By Ben Turner published 4 days ago

The ancient Greek statues were assumed to be spotlessly white, but a new study reveals that the Parthenon Sculptures once burst with color.



The Elgin Marbles stolen from Greece. From left to right we see a horse, a naked Greek man leading the way, whilst looking back at the others. Then there's another horse. Next to the horse is a person, and behind the horse if a person clothed in a tunic and a child with cloth draped around their shoulders.

This section from the Parthenon Marbles is now white, but it was painted when it was first crafted in the fifth century B.C. (Image credit: markrhiggins via Getty Images)

The Parthenon Sculptures, also called the Elgin Marbles, were crafted by ancient Greeks 2,500 years ago to decorate the outside of the Parthenon temple in Athens. Now housed at the British Museum in London, they, like many old sculptures, are a muted mix of white, gray and beige.

But a new study reveals that the famous sculptures' hues weren't always so drab — in fact, they were once painted with vibrantly colored and intricate patterns.

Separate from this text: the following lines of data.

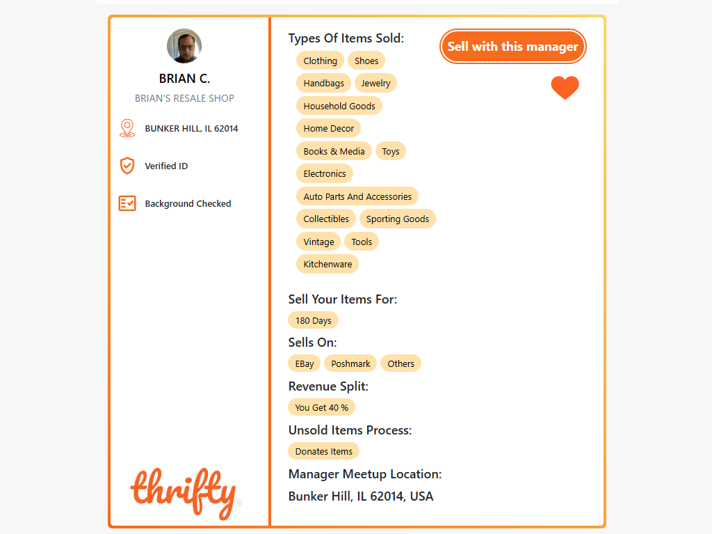 ✨ Effortless Selling: Connect with local "Thrifty Managers" who handle the entire selling process of your secondhand goods, from listing to managing sales, so you don't have to.
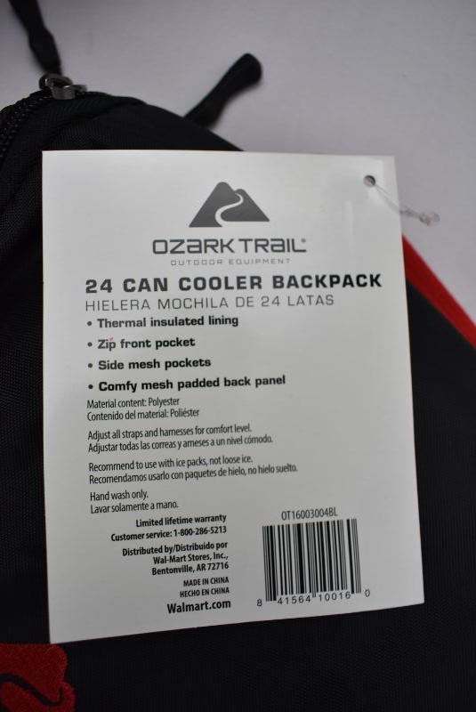Ozark Trail 24 Can Cooler Backpack, Black & Red - New
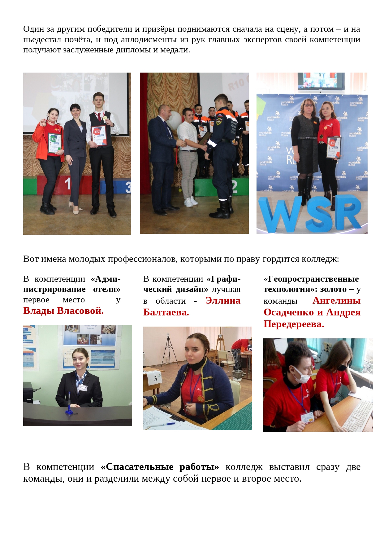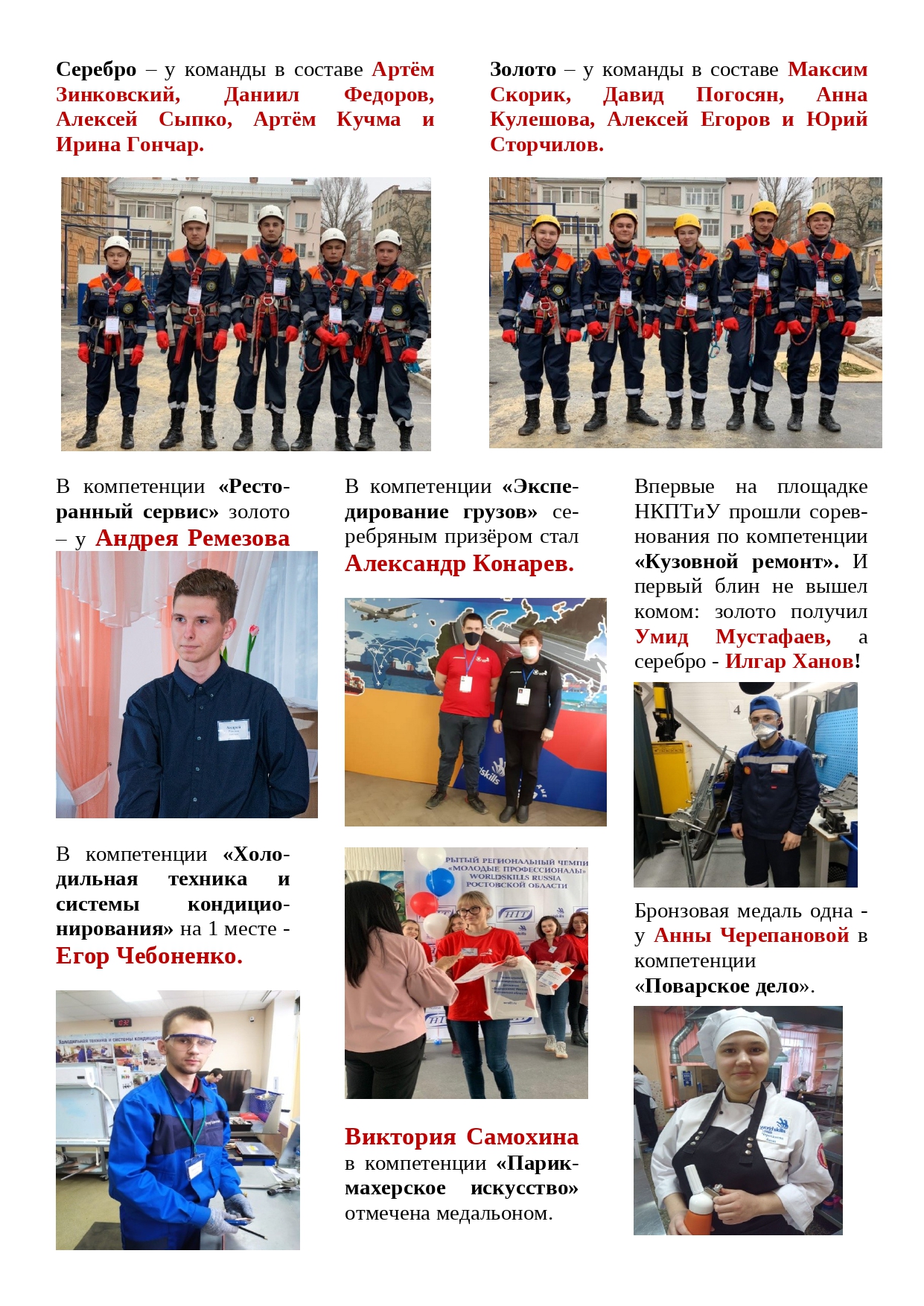 Для состязания по ещё четырём компетенциям («Парикмахерское искусство», «Предпринимательство», «Ремонт и обслуживание легкового автомобиля», «Экспедирование грузов») - студенты НКПТиУ отправятся в другие учебные заведения региона – в Ростове, Новошахтинске и Таганроге.
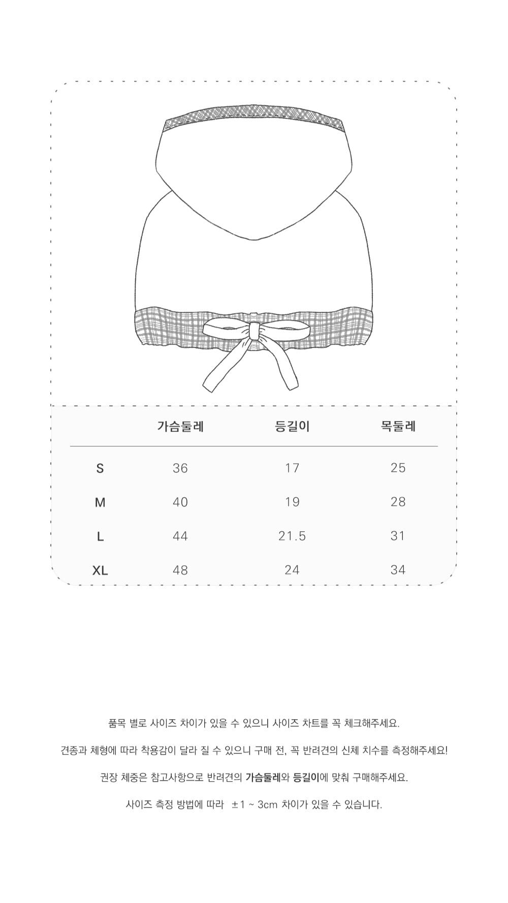 犬種や体型によってフィット感が変わることがありますので、購入前に必ずペットの体のサイズを測定してください!
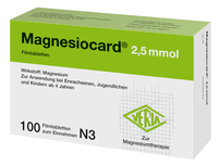 Magnesiocard 2,5 mmol ist ein Mineralstoffpräparat. Magnesiocard 2,5 mmol wird angewendet zur Behandlung von therapiebedürftigen Magnesiummangelzuständen, die keiner Injektion/Infusion bedürfen und bei nachgewiesenem Magnesiummangel, wenn er Ursache für Störungen der Muskeltätigkeit (neuromuskuläre Störungen, Wadenkrämpfe) ist.
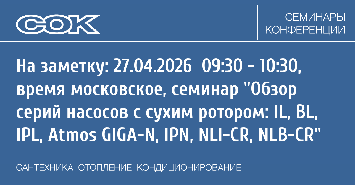 Вебинар: Обзор серий насосов с сухим ротором: IL, BL, IPL, Atmos GIGA-N, IPN, NLI-CR, NLB-CR
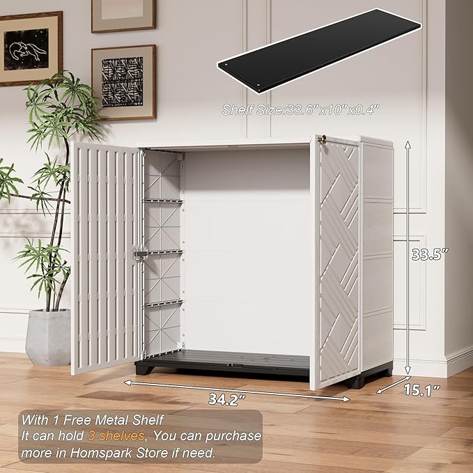 HOMSPARK Indoor/Outdoor Storage Cabinet with Doors and 1 Shelf, 34”x15”x34” HDPE Plastic Storage Box for Patio, Garden, Enterway, Balcony, Multi-Purpose for Daily Tools, White
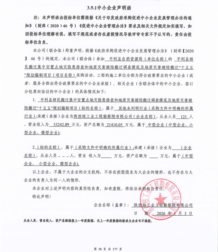 平利县移民搬迁集中安置点地灾隐患排查和地质灾害避险搬迁调查摸底及地质灾害避险搬迁“十五五”规划编制项目中标(成交)结果公告

Bright Egyptian blues, whites and purples once covered the statues depicting deities and mythical creatures guarding the fifth-century-B.C. temple. The colors were used to represent the water that some figures rose from, the snakeskin of a mysterious sea serpent, the empty space and air in the background behind the statues, and figurative patterns on the robes of the gods, the researchers wrote in the study, which was published Wednesday (Oct. 11) in the journal Antiquity.